Vertical motion, gravity question?

Question

A hot air balloon is 80 m above the ground and travelling vertically downards at 8.0 m/s when one of the passengers accidently drops a coin over the side. How long after the coin reaches the ground does the balloon touch down?


Ok so i assume ur supposed to find the landing times of both. So for the hot air balloon, since it's travelling at 8m/s and there's 80 metres to go, it'll take 10 seconds to reach ground. Is that right?

Then for the coin i can't figure out how to get the time.

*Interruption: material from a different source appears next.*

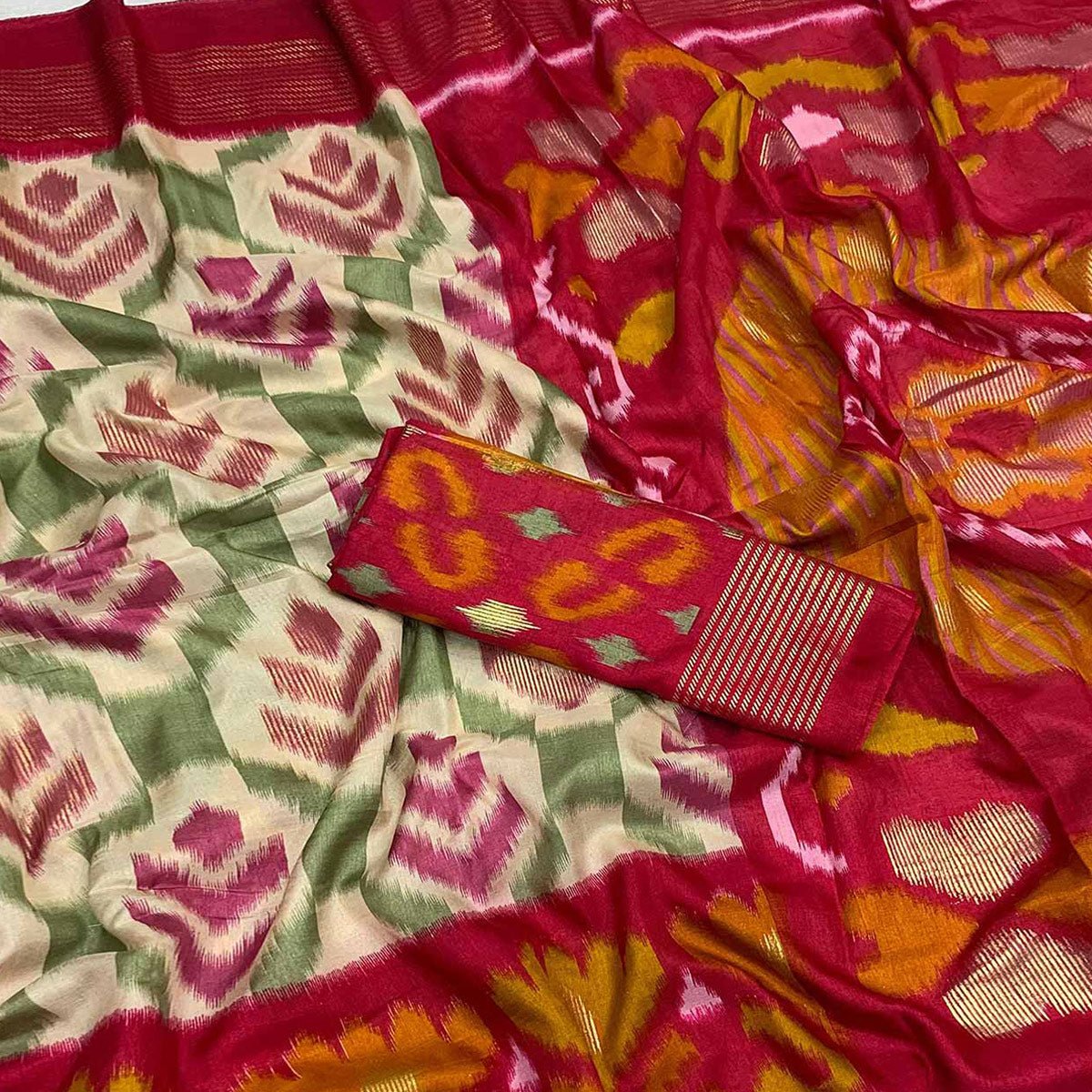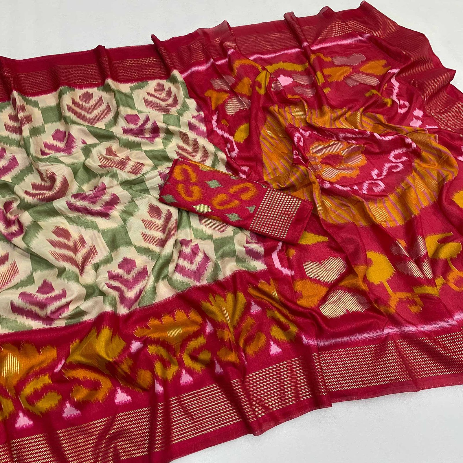 Off White & Pink colored saree is made from viscose fabric which is highlighted with beautiful patola printed work as shown. comes along unstitched viscose blouse piece which you can customise as per your design/style. Occasion – You can wear this saree for festive and functions.

Which equation of motion do you use?
u = 8m/s
x = 80 or is it -80?
a = 9.8m/s^2

do you use x = ut + .5at^2? That's the only equation with all the values that I have but then you'd have to work out 't' as a quadratic equation.

I dunno maybe i'm getting the theory wrong and just not understanding this topic.

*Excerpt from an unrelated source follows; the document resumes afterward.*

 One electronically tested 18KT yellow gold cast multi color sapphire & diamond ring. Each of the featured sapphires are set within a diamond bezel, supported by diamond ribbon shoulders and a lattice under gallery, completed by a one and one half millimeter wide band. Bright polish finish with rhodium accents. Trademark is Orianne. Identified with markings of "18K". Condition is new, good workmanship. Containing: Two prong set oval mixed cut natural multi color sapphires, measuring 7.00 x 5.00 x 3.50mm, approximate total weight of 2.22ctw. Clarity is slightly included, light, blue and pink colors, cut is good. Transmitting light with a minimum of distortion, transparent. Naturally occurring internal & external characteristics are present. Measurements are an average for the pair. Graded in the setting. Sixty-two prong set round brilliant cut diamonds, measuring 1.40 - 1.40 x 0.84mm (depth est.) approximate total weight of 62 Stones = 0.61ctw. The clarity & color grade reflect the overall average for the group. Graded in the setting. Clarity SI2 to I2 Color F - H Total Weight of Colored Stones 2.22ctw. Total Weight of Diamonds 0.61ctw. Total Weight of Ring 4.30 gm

Any ideas on how to do it?


Thanks!!

Answer 1

I'm assuming that the balloon is descending at a constant speed.
t(balloon)=t1= y/v=80/8=10s
t(coin)= t2
then
y= vt2 + 0.5gt2^2
0.5g(t2)^2 + vt2 -y=0

t2=[- v + sqrt( v^2 + 4y(0.5g)]/(g)
t2=[-8+ sqrt( 8^2 + 2x80(9.8)]/(9.8)
t2=3.3s

sqrt(2y/g)=sqrt(2x10/9.81)=1.4 s

t=t1-t2 is what we need to find

t= 10 -3.3 =6.7s

Answer 2

You are right about the balloon. But the coin will accelerate towards the ground. I can't remember the acceration rate in metric - 32 ft per second per second in Imperial! It's starting velocity will be zero and then accelerate to the ground.

Answer 3

All I can say is that the coin accellerates down at 32 feet per second squared ( gravity).i.e. 32 feet for the first second, 64 feet in the second second, a 128 feet in the third etc.
You do the conversions. I was brought up on Imperial Measure

Answer 4

s=1/2at^2+ut
s=80 m
a=9.8
u=8ms^-1
t=??
80=1/2(9.8)(t)^2+(8)(t)

t=3.305920383 s.

now Ballon takes 10 seconds to reach the ground .

10-3.305920383 = 6.694079617 s.

Answer 5

you realy beleve that someone will read that?